Wilco and Tweedy have remained quietly industrious over the last 20 years, with a steady flow of albums in this decade that have a glowing thread of memoir running them – Tweedy now seems most comfortable reminiscing in his songwriting, often before he rendezvous with the here and now. Ode to Joy starts with the giveaway title – Wilco have been there and come back, and whilst they didn’t go through archetypal rock stardom and its pitfalls, it’s still been a bumpy ride of line-up changes, dodgy record companies and rehab visits.
Many tracks on Ode to Joy conjure up the varnished dusty sounds of 2016’s Schmilco.

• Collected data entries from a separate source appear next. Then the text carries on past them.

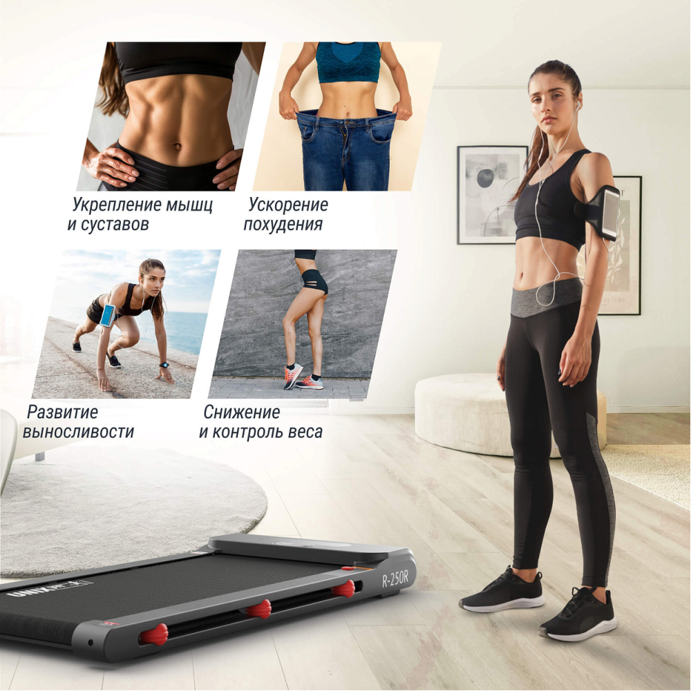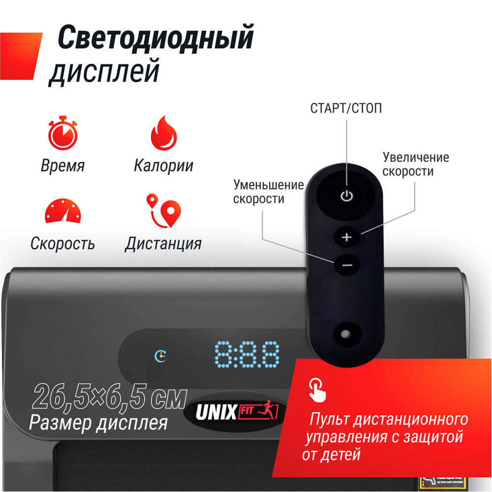 Беговая дорожка UNIX Fit R-250R – идеальное решение для тех, кто ценит активный образ жизни, но сталкивается с ограниченным пространством для тренировок! Эта модель сочетает в себе функциональность, стиль и удобство, позволяя вам заниматься спортом в любое время, не выходя из дома . Благодаря компактной конструкции 130 х 59 х 11 см, электрическая беговая дорожка легко помещается в любом уголке вашего дома. Вы можете хранить её под кроватью, в шкафу или за дверью, освобождая пространство для других дел . Отсутствие поручней делает компактную дорожку более универсальным инструментом для бегунов, позволяя вам развивать естественную технику бега и улучшать баланс. Вы почувствуете себя свободно и уверенно, занимаясь любимым хобби . Домашний кардио тренажер для бега и ходьбы идеально подходит как для начинающих, так и для опытных спортсменов. С помощью пульта дистанционного управления вы можете настроить скорость от 1 до 9,5 км/ч тренировки в зависимости от ваших целей – от легкой разминки до интенсивного кардио . Встроенный дисплей с иконками-индикаторами отображают важные показатели – время, скорость, дистанцию и сожженные калории. Вы сможете отслеживать свои достижения и видеть прогресс, что станет дополнительной мотивацией для дальнейших тренировок. Антискользящее беговое полотно 105 х 42 см и система амортизации электрической дорожки для бега и ходьбы обеспечивают максимальную безопасность во время тренировок, а бесшумный двигатель позволяет заниматься в любое время суток, не беспокоя соседей и домашних. . Элегантный и современный внешний вид беговой дорожки органично впишется в любой интерьер. Вы сможете заниматься спортом, наслаждаясь уютной атмосферой вашего дома.. Время – это ценный ресурс, и мини беговая дорожка поможет вам эффективно совмещать занятия спортом с другими делами. Не нужно тратить время на поездки в спортзал или ждать своей очереди на тренажеры. Теперь у вас есть возможность тренироваться в любое время, не выходя из дома . Также, имеется возможность синхронизации беговой дорожки с мобильным устройством при помощи приложений FitShow (подключение через Bluetooth) с возможностью управления беговой дорожкой и сохранения тренировок.. Тренируйтесь с удовольствием вместе с UNIX Fit! .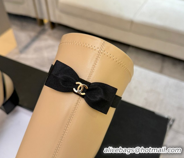 > Shoes Plaza > Chanel Shoes > Shop Duplicate Chanel Stretch Lambskin Thigh High Boots 5cm with Bow Beige 2025 G46757 1104020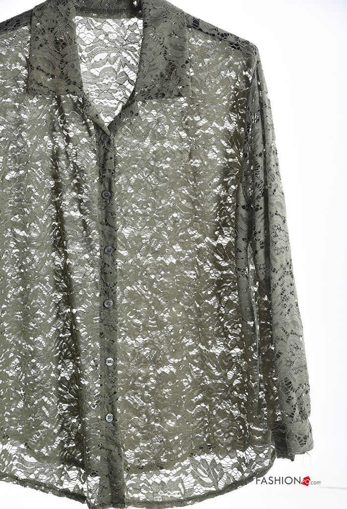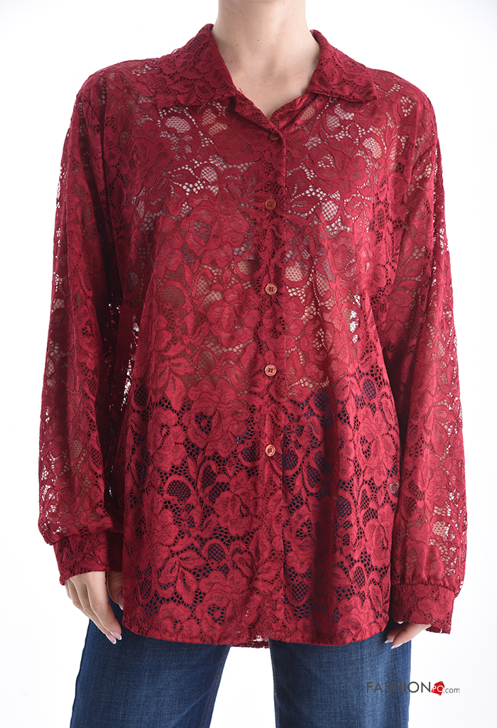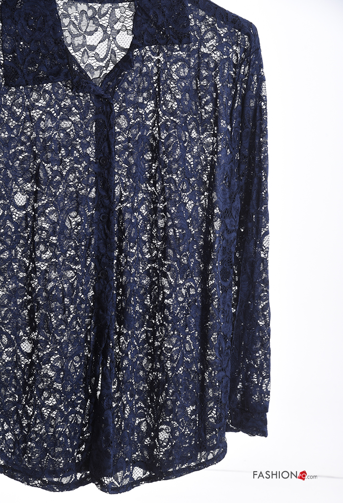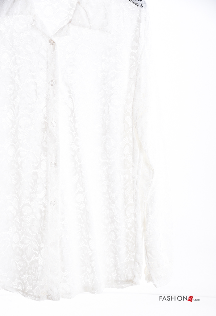 Camicia con colletto pizzo maniche lunghe Fantasia ricamata con bottoni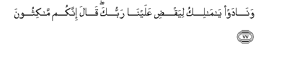 77. Wanadaw ya maliku liyaqdi AAalayna rabbuka qala innakum makithoona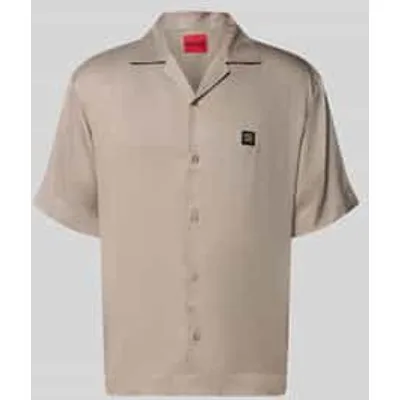 heren vrijetijdsoverhemd van HUGO;Model 'Espino';look: effen;Pasvorm: relaxed fit;overhemdkraag: resortkraag;Knoopsluiting: doorlopend;applicatie: logopatch;Details: achterpas;Sluiting: enkele knoopsluiting;mouwvorm: korte mouw;Materiaalverwerking: twill;Materiaal: lyocell

Happily, much like that release, Nels Cline’s ethereal lap steel and telecaster guitars fizz like livewires on Everyone Hides, Mikael Jorgensen’s piano illuminated White Wooden Cross, and the ever-excellent Glenn Kochte on drums gets a leading prominence on much of the album, particularly Citizen with its mantra-esque introspectiveness.
Ode to Joy sits at one pole of the quintessential Wilco sound spectrum – fans have often preemptively wondered where each new Wilco album will land, and the sparkle and oddness of their 00s sonic journeying, which put Yankee Hotel Foxtrot and A Ghost is Born in the higher vintages of that decade, is mostly left out of the studio here. There’s sweetness, resignation and slightly sinister computerised tones in One and a Half Stars. All through Ode to Joy, Tweedy worries and frets about himself and us, as we scurry through life, too busy to digest all of the digital dark news, and he’s left with only his ‘desire to change’ if he could only get out of bed.

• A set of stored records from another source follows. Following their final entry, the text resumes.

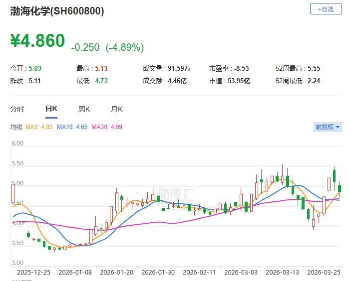 渤海化学(4.89 -4.31%)(600800.SH)现跌4.89%报4.86元,最新市值54亿元。渤海化学公布,2025年度,公司实现营业收入33.3亿元,较上年同期减少30.39%;实现利润总额-64,483.17万元,较上年同期增亏1,307.52万元;实现归属于上市公司股东的净利润-64,634.23万元,较上年同期增亏1,419.93万元。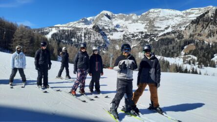 Viele unserer Schüler*innen sind schon gute Skifahrer*innen und neben dem Spaß auf der Piste stand die Verbesserung des eigenen Könnens auf dem Programm. Sehr stolz sind wir aber wieder auf unsere Anfänger. 16 Schüler*innen erlernten in einer Woche das Skifahren und konnten am Freitag bereits rote Pisten sicher bewältigten.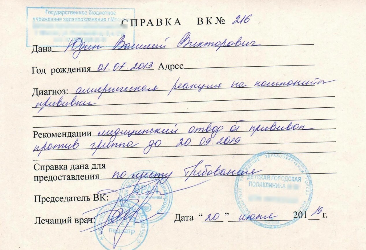 Если у ребенка есть хотя бы одна из указанных проблем, то вы совершенно легально можете претендовать на получение справки медотвода от прививок. Получить документ можно в поликлинике по месту жительства, на бесплатной основе.
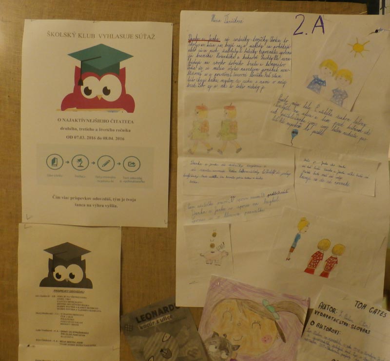 Deti sa zapojili do klubovej súťaže O najaktívnejšieho čitateľa, kde pravidelne posielali svoje príspevky s ilustráciami. Tie boli zasielané do celosloveskej súťaže Vráťme knihy do škôl a najkrajšie sme vystavili v priestoroch školy. V klube prebiehalo čítanie z rozprávkových kníh a prezentácie obľúbených diel. Samozrejme, na záver nechýbali vecné a sladké odmeny.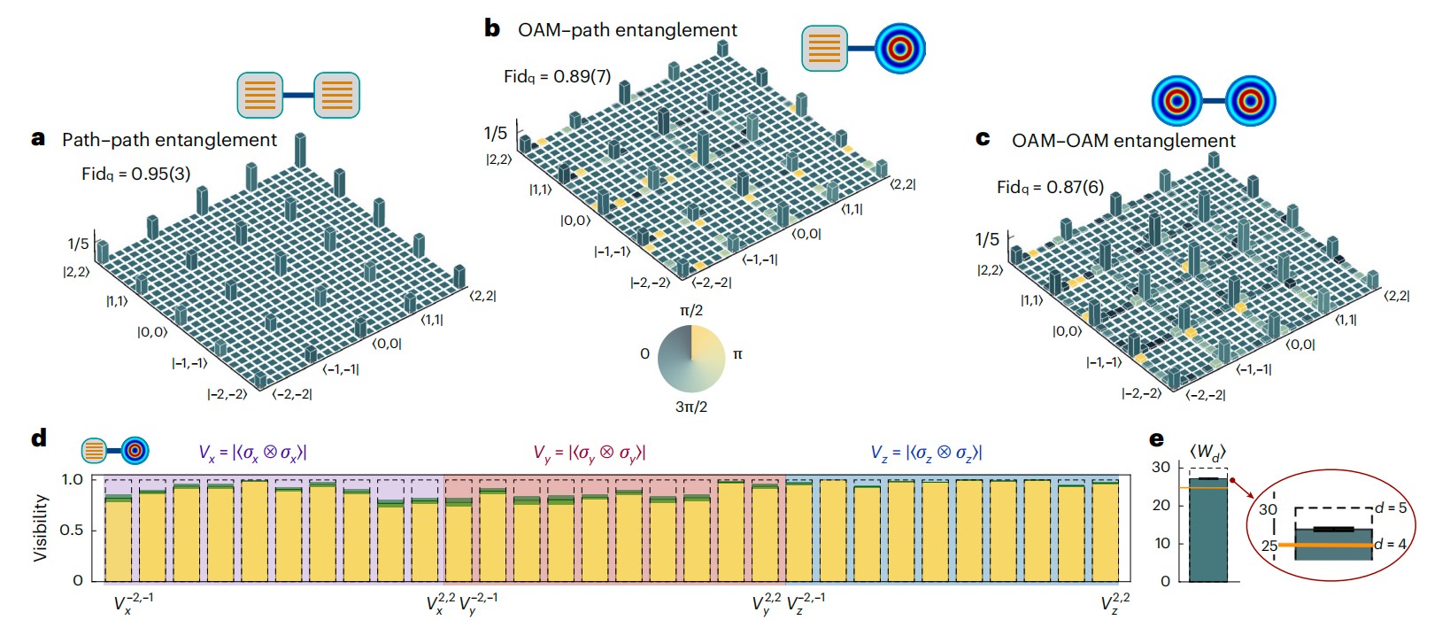 图3. 高维纠缠测量与验证。(a)重构的路径-路径纠缠态密度矩阵;(b)重构的路径-OAM纠缠态密度矩阵;(c)重构的OAM-OAM纠缠态密度矩阵;(d)-(e)五维纠缠见证测量的实验结果。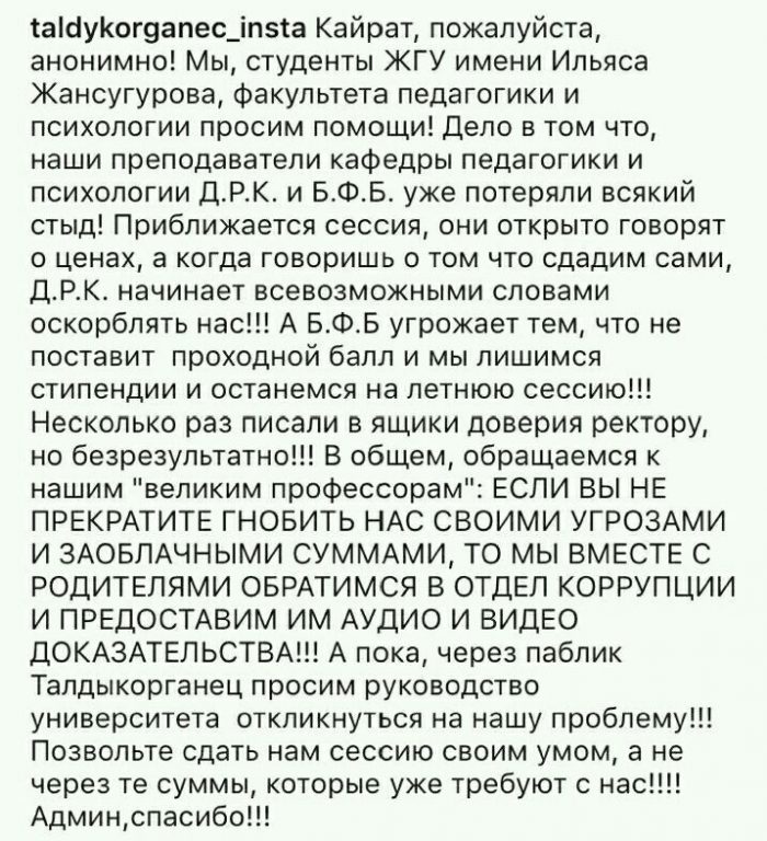 Instagram әлеуметтік желісінде пайда болған студенттер хатында ақша дәметкен ұстаздарынан шаршағанын, тіпті ректор атына дейін шағымданғандарын, бірақ одан ешқандай нәтиже жоқ екендігі жазылған.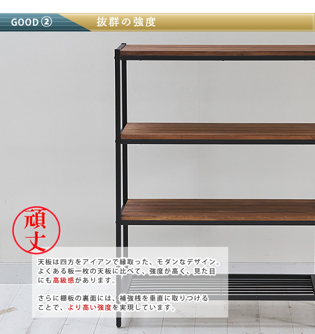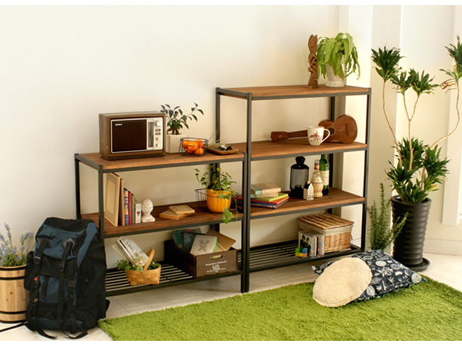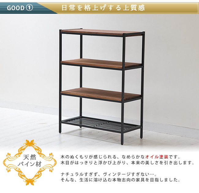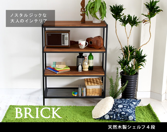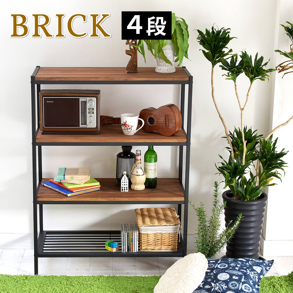 オープンラック 棚 シェルフ 4段 おしゃれ ビンテージ 天然木 86×38×114.5 BRICK ブリック PR-860-4BRN ブラウン×ブラック 本棚 ブラックスチール脚
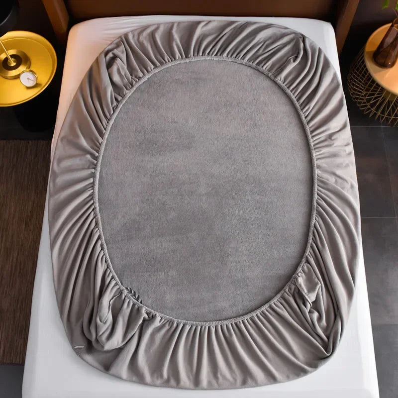 Winter Warm Solid Flannel Fitted Sheet | Elastic Band Mattress Protector | King Size 180x200cm | Milk Velvet Bed Sheet

So planed-down, at times Ode to Joy would almost sound hollow if it were not for Tweedy’s enduring ability to write songs. Album closer An Empty Corner is beautiful, and again finds Wilco collectively grizzling backwards, recalling heydays of no sleep, coffee and something for the road, before settling for homeliness and warmth: “Now that I’m not longed for / the wild life seems wrong / I don’t believe you don’t care / You’ve got family out there”. Only We Were Lucky comes close to rattling the alt-country tag, that Wilco have openly always found so tedious, but Cline is set loose, and it’s delicious.
Not long ago it would have seemed unthinkable to feel nostalgia for the 00s. But compared to now, the world has shifted politically, socially, and musically in ways unimaginable. Tweedy seems happy to be on the other side of Wilco’s heyday, but Ode to Joy seems to urge us, in the present world, to hunker down and appreciate loved ones and each other, more now than ever.